Indices can also see a large number of buffer waits. In one stark example I found a large number of buffer waits were occurring on a large single-column index where every value in the column was null (nulls are indexed in Informix, unlike some other RDBMSs) and so there was a single leaf node pointing to all rows. Every insert and delete needed to modify this. A less extreme version of this might be seen where there are a limited number of values a field can take. In this case dropping the index or combining the index column with another to vastly increase the number of nodes would help throughput.

Would index fragmentation/partitioning help?
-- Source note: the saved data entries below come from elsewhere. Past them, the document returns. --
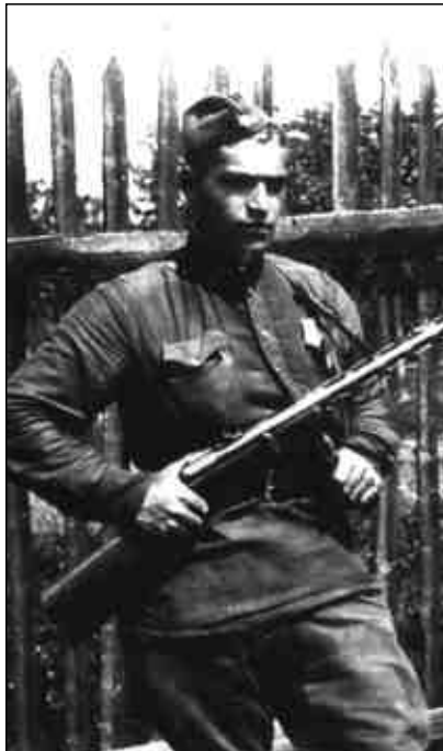
Во время войны

Первый раз я услышал о войне 22 июня, я в то время работал на шахте в Кемерово. Утром, когда началась война, мне нужно было выйти на работу в первую смену. Прихожу на шахту и вижу много собравшихся и беспокойных людей. Когда я спросил, что случилось, то услышал в ответ: «Война!»
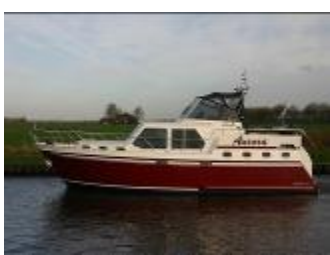
Zijlmans Eagle 1200
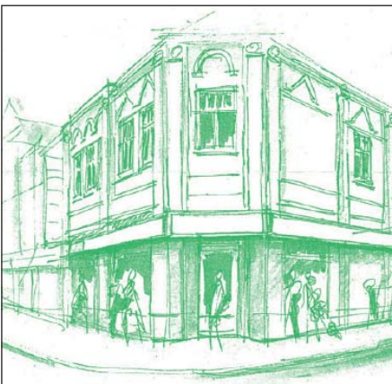
Eine Kernaktion in Nordenham ist der Rückbau von Ladenlokalen in einem Wohn- und Geschäftshaus.
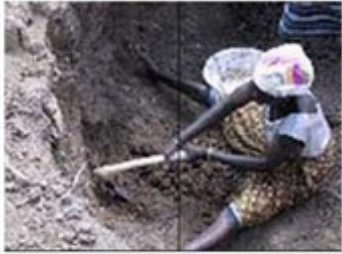
Extraction de l'argile d'une carrière

1. À cet endroit le sol a été creusé ; que vient-on chercher dans cette carrière ?
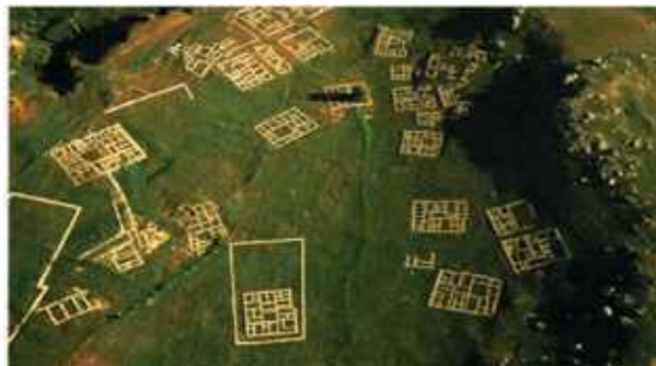
Hattusa fellegvár, Bogaz – Köy felől nézve Felsőváros romjai

It is probably less useful, in general because there is no 16.7m page limit for indices since version 11.70 and, in the case of fragmentation by expression, the same nodes could be equally congested.

In conclusion I think this method is a useful addition to your performance tuning armoury and by reducing contention you can improve the scalability of your system and increase throughput.